# Shhh!! Don't tell bigcouger about this



## kweinert (Apr 18, 2012)

I had one piece of firewood that had enough blue in it, so I took it up to where the shop will be, did some jointing and bandsawing and came up with a few blanks of 'denim pine'.

Turned one of them, it's a small candle holder for tea lights.

[attachment=4436]

Finished with a bit of homemade Waterlox (BLO, Naptha, lacquer, japan drier)

Just in case you missed it in the other thread, this is beetle kill pine. The infestation by the beetle triggers the blue in the pine and kills the tree. There are vast tracts of them here in the west.
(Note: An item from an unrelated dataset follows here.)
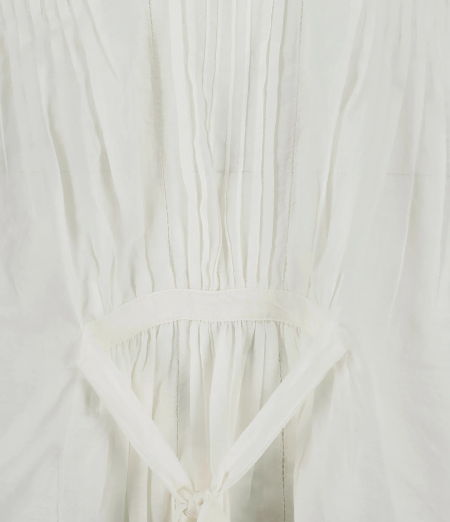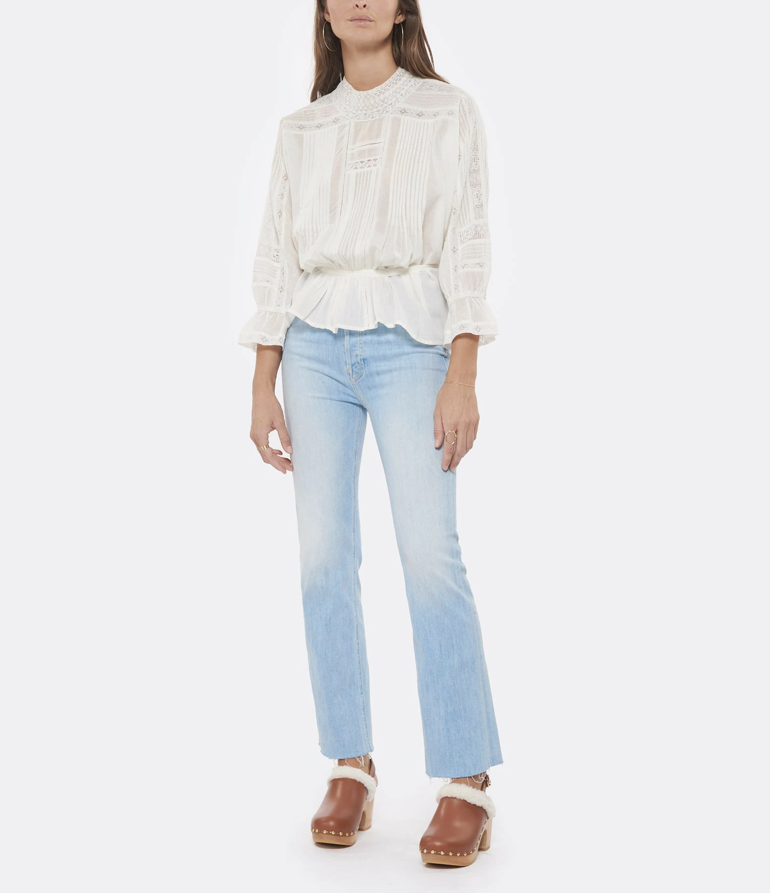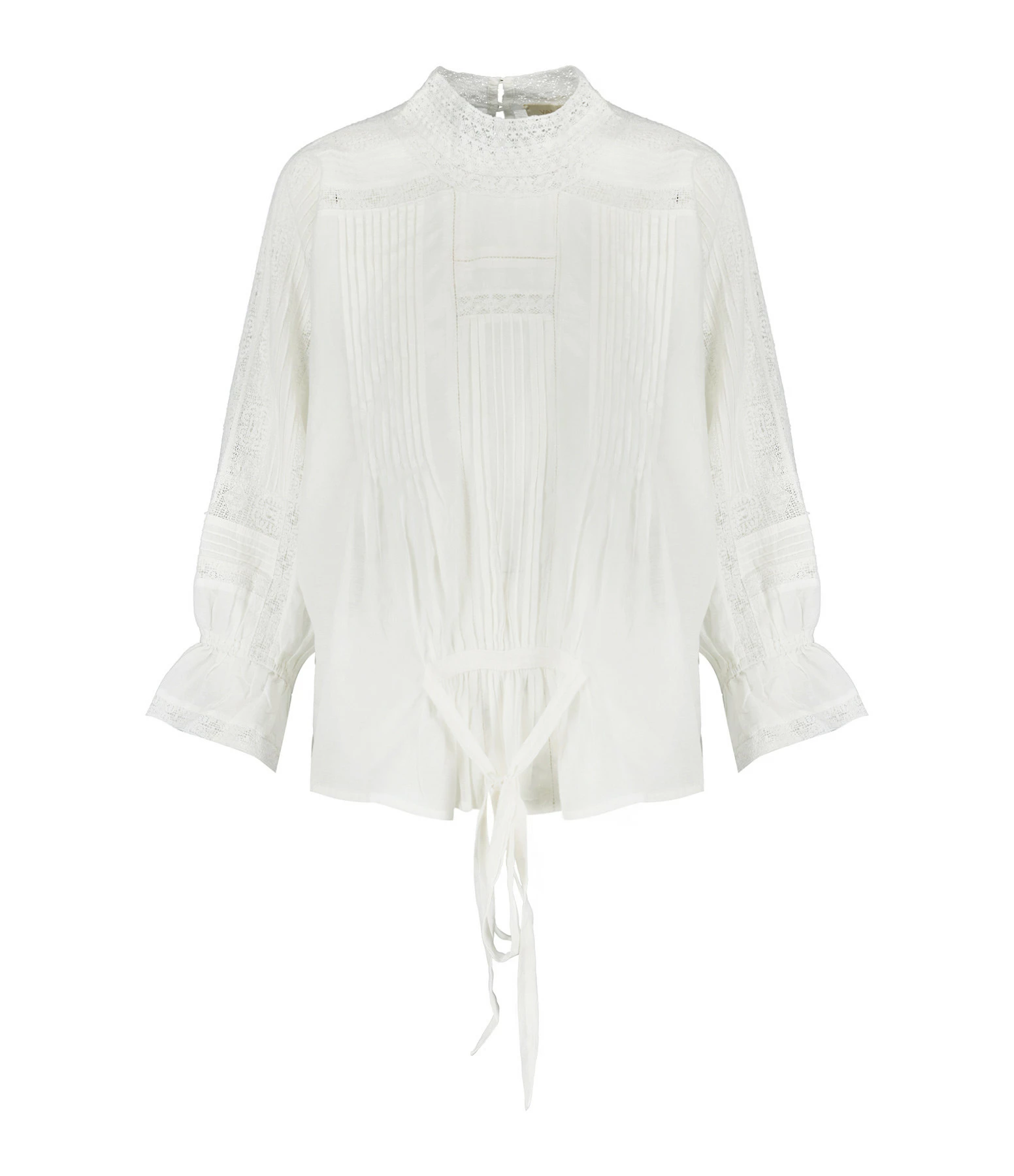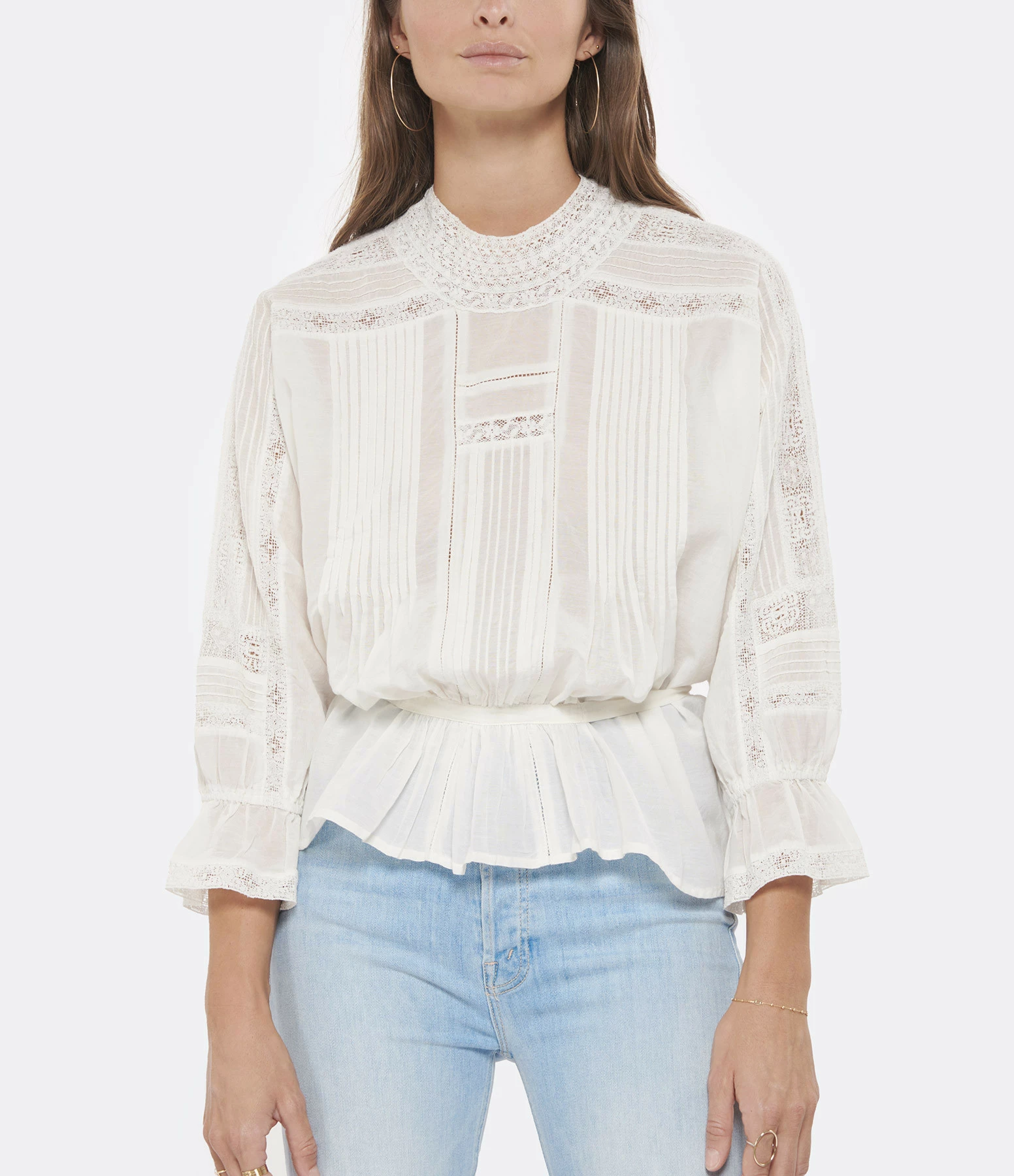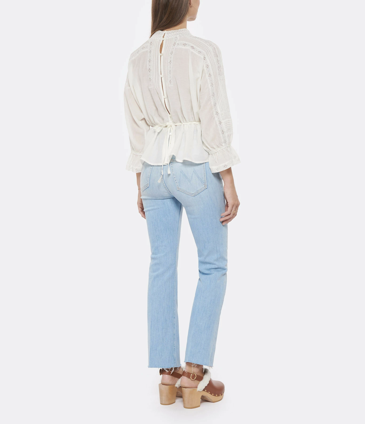 Blouse en coton blanc. Col à volants avec dentelle. Manches longues resserrées aux poignet par élastique et volants en dentelles aux extrémités. Fermeture par boutons nacré. Lien de serrage à l’arrière. Coupe droite. Base droite.

Kevin posted that one company back before this was common and valued on its own tried to put a spin on this 'contaminated' pine by labeling it as 'Blue Denim Pine' in order to make it seem like a good thing. At the time customers didn't want it.


----------



## davidgiul (Apr 19, 2012)

kweinert said:


> I had one piece of firewood that had enough blue in it, so I took it up to where the shop will be, did some jointing and bandsawing and came up with a few blanks of 'denim pine'.
> 
> Turned one of them, it's a small candle holder for tea lights.
> 
> ...


Turning is fun eh?
So we have another member of the pine lovers' club. Hey Cougar you can still officially join. Might as well with all that pine you have stashed under that purty workbench.


----------



## BangleGuy (Apr 19, 2012)

I just love the title of your thread! What a fun place to be, gave me a chuckle this morning before my day starts! Thanks!


----------



## Mike1950 (Apr 19, 2012)

Don't worry He will never notice it. Not nearly enough smiles in posts.


----------



## CodyS (Apr 20, 2012)

hahahaha very nice! on all counts!

Don't worry big cat, I hate pine too, but do you see me making a desk/bedside table/makeup table out of it? :rofl2:


----------